#### [What you need to do]
Your copy should run exactly from the line containing "Крупный рогатый скот" to the last line of the entries below, and it should include no pictures.
______
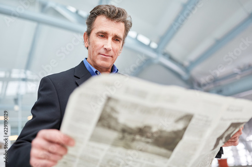 Geschäftsmann liest eine Tageszeitung im Flughafen
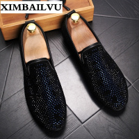 品牌时尚潮男发型师休闲男鞋水钻走秀时装鞋一脚蹬套脚皮鞋内增高乐福鞋豆豆鞋型男驾车鞋
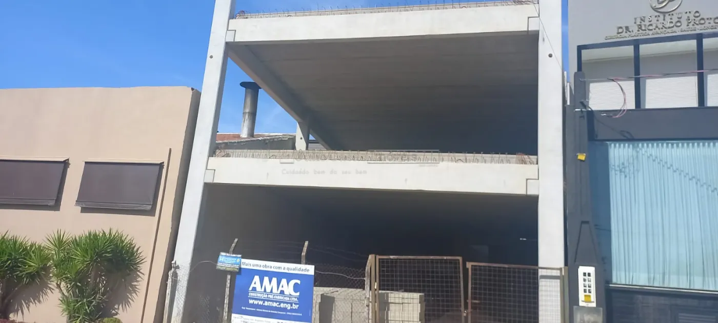 Prédio comercial em construção com 835 m² sendo piso térreo que pode ser um estacionamento, 1° andar e roof top.
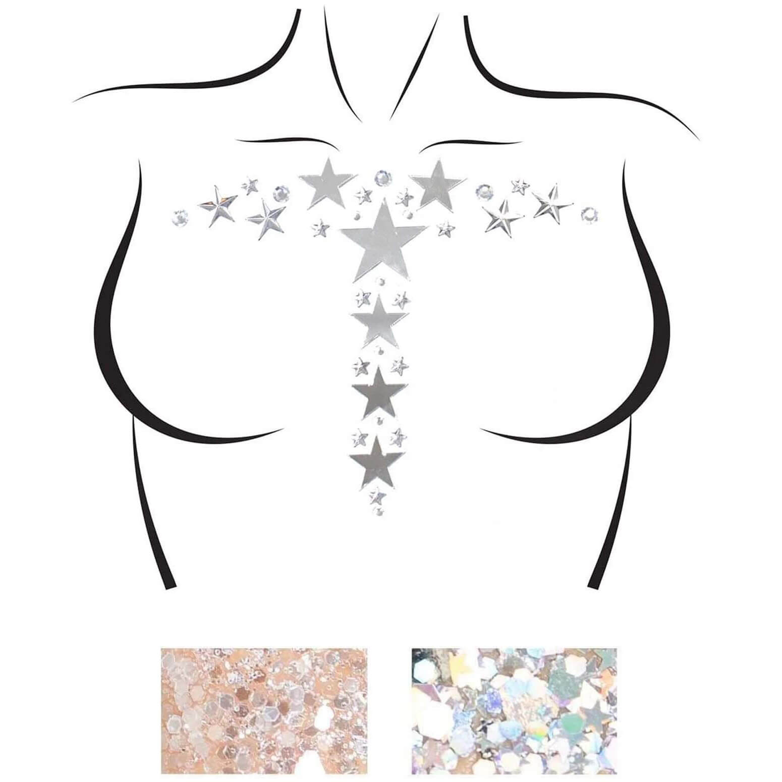 80er Jahre/Sterne Schmucksteine Dekollete Set KISMET auf Folie selbstklebend silber – (ARTIKEL/REFERNZ: 714718549866/LABODY013 – Kategorie/Suche: – Hersteller: Leg Avenue Europe)
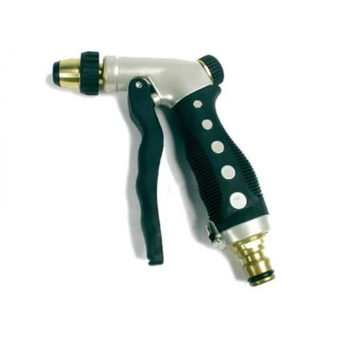 Deze messing pistoolspuit is geschikt voor het gericht besproeien van uw tuin en natuurlijk ook voor planten die in potten staan. U kunt de straal van de spuit regelen van een harde straal tot een fijne nevel door aan het spuitstuk te draaien. Voor langdurig sproeien kan de greep worden vastgezet. Deze spuit is universeel. Deze spuit kan gemonteerd worden aan slangen van 3/4” inch.
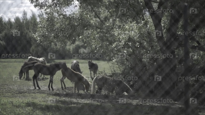 Крупный рогатый скот в загоне. Лошади, питающиеся травой внутри загона. Пастбище лошадей - это пастбище
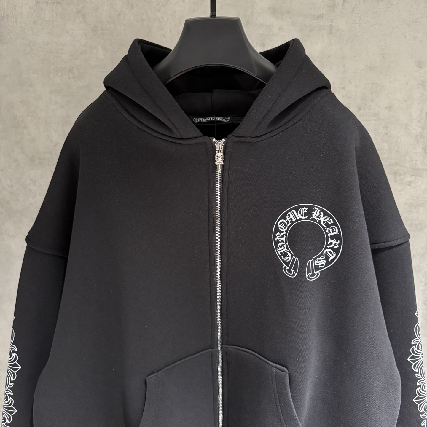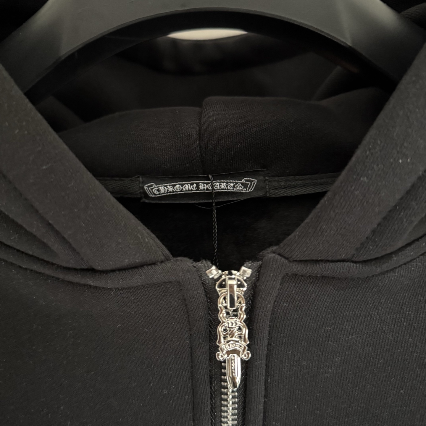 这款衣服是AAAAA 1:1 质量 (非常棒). 使用了和原版一模一样的材料. 商标部分也保持了和克罗心/Chrome Hearts一样. 图片拍摄是实物衣服拍摄, 您所收到的实物保证和我们图片一模一样.
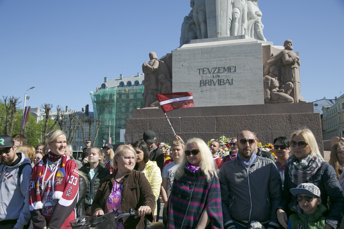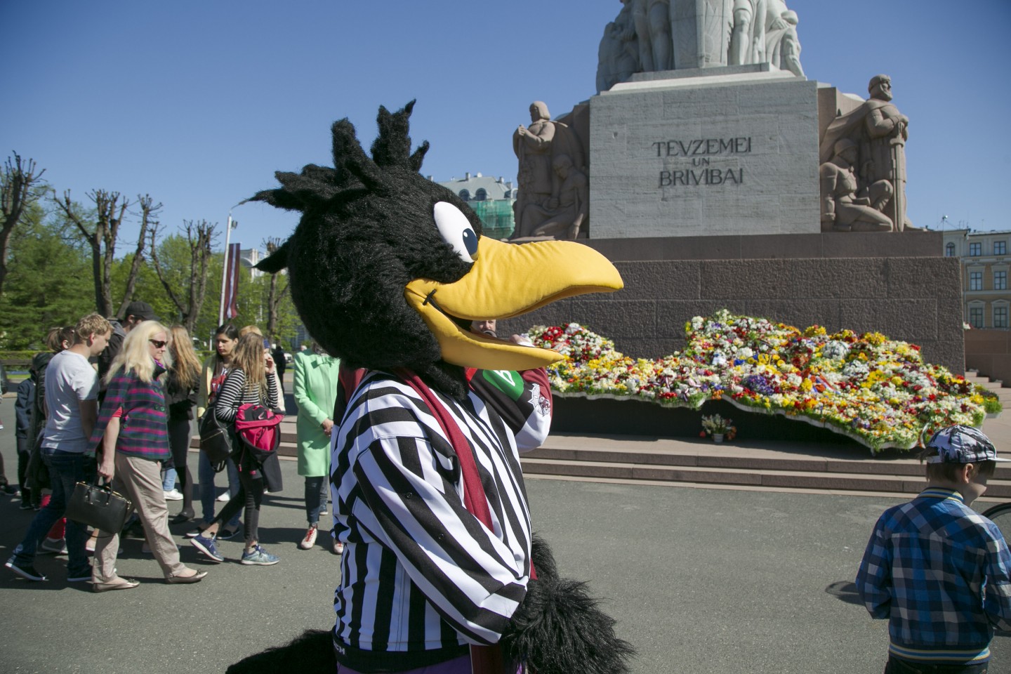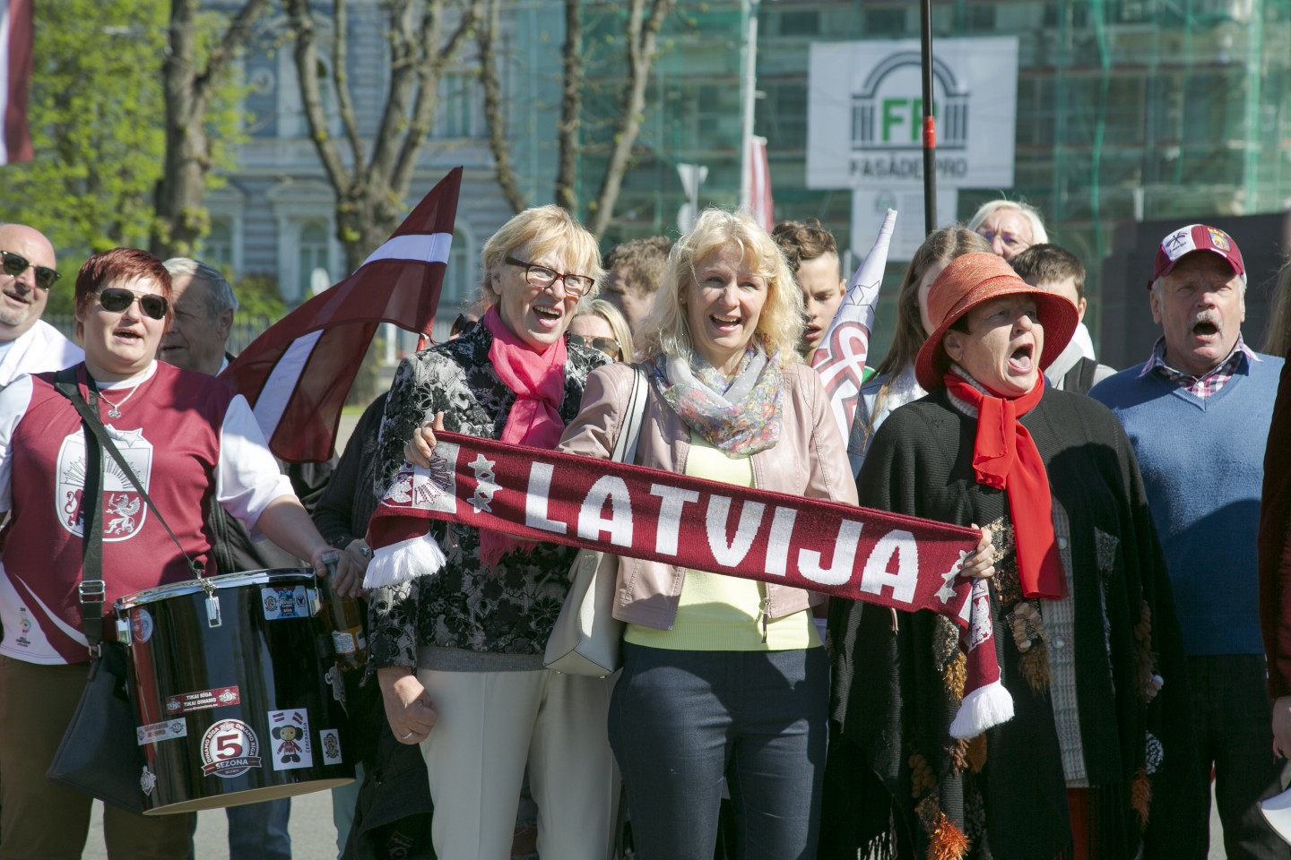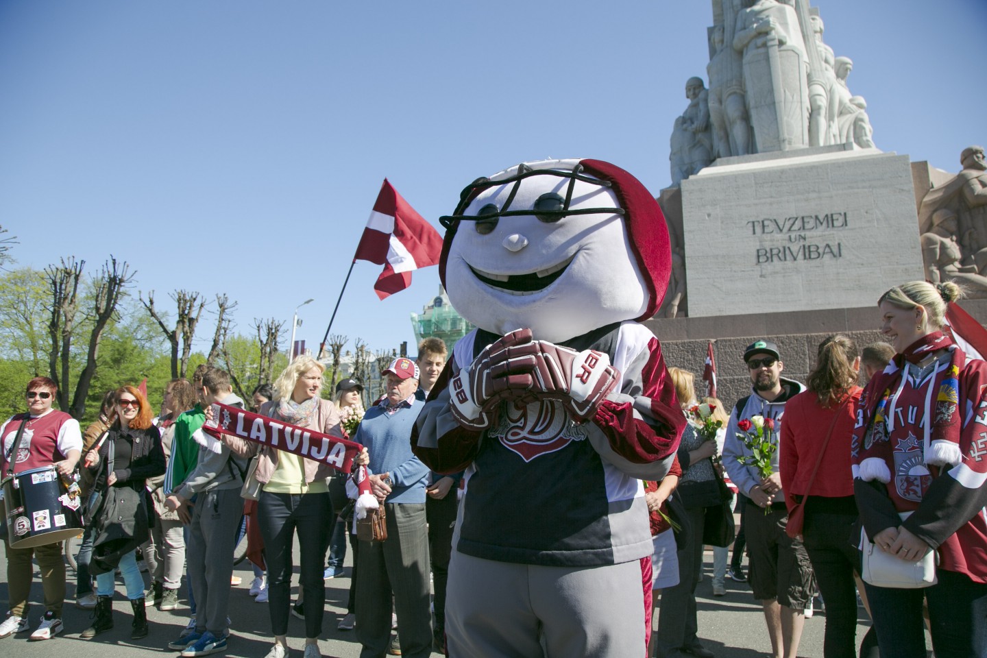 Sestdien pie Brīvības pieminekļa notika zibakcija - Latvijas himnas kopdziedāšana, tādējādi dāvājot enerģiju Latvijai simtgadē un Latvijas hokeja izlasei veiksmīgam startam Pasaules hokeja čempionātā.
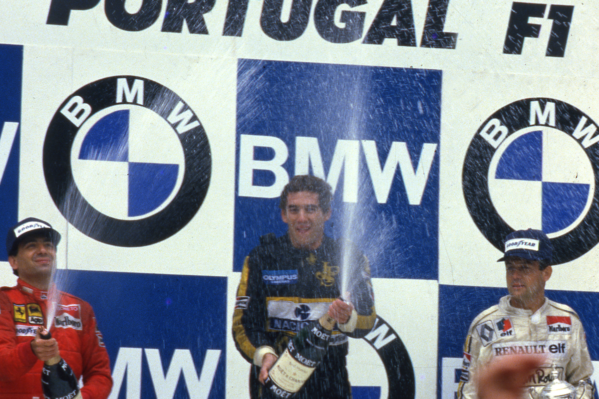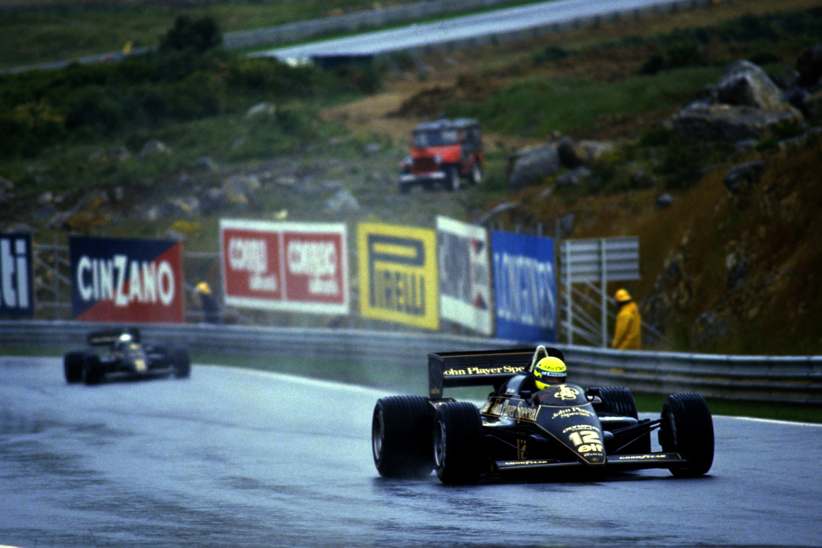 Ayrton Senna claimed his first victory in Formula 1 on this day in 1985, mastering difficult conditions in a wet Portuguese Grand Prix at Estoril.
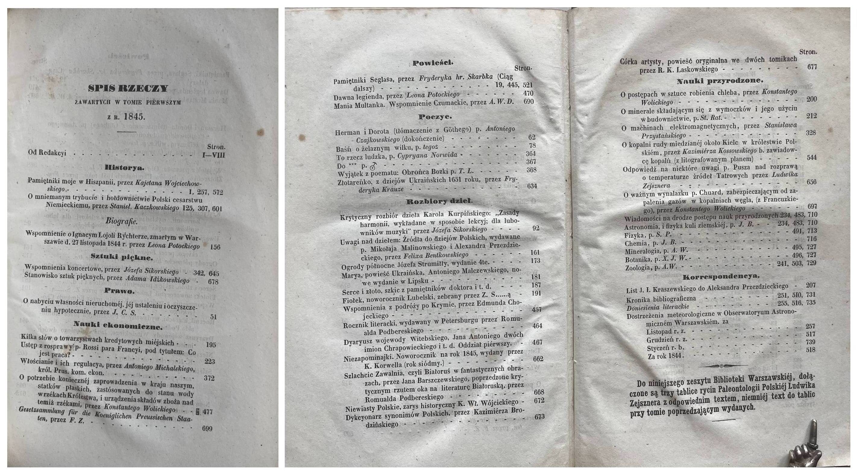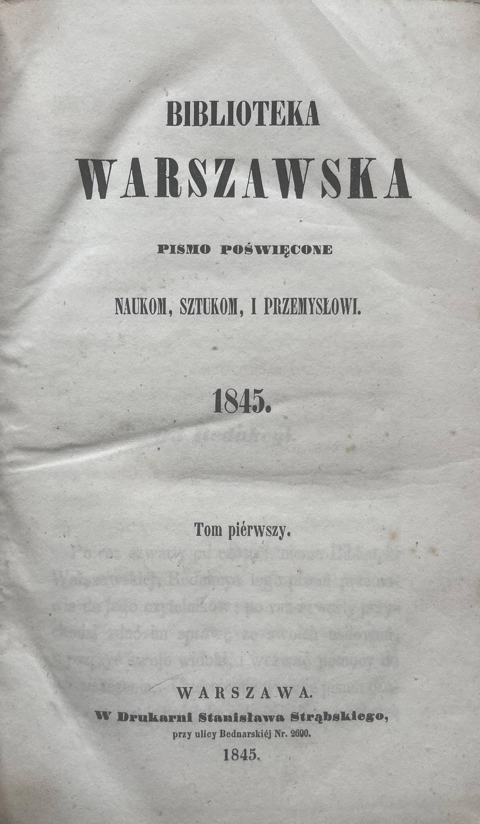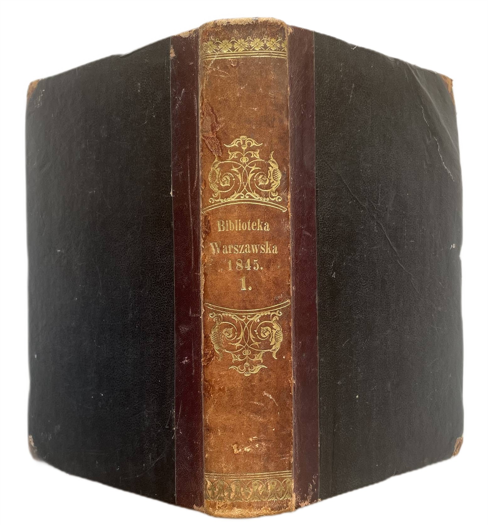 Biblioteka Warszawska. Pismo poświęcone naukom, sztukom i przemysłowi. Rok 1845 tom pierwszy. Warszawa 1845, w Druk. St. Strąbskiego. 21 cm, str. VIII, 738, [8], 1 skł. tabl. ryc., 1 skł. tabela. Oprawa z epoki płsk. złoc., niew. otarcia krawędzi, poza tym stan b. dobry.
______
#### [Response below]
 Крупный рогатый скот в загоне. Лошади, питающиеся травой внутри загона. Пастбище лошадей - это пастбище
 这款衣服是AAAAA 1:1 质量 (非常棒). 使用了和原版一模一样的材料. 商标部分也保持了和克罗心/Chrome Hearts一样. 图片拍摄是实物衣服拍摄, 您所收到的实物保证和我们图片一模一样.
 Sestdien pie Brīvības pieminekļa notika zibakcija - Latvijas himnas kopdziedāšana, tādējādi dāvājot enerģiju Latvijai simtgadē un Latvijas hokeja izlasei veiksmīgam startam Pasaules hokeja čempionātā.
 Ayrton Senna claimed his first victory in Formula 1 on this day in 1985, mastering difficult conditions in a wet Portuguese Grand Prix at Estoril.
 Biblioteka Warszawska. Pismo poświęcone naukom, sztukom i przemysłowi. Rok 1845 tom pierwszy. Warszawa 1845, w Druk. St. Strąbskiego. 21 cm, str. VIII, 738, [8], 1 skł. tabl. ryc., 1 skł. tabela. Oprawa z epoki płsk. złoc., niew. otarcia krawędzi, poza tym stan b. dobry.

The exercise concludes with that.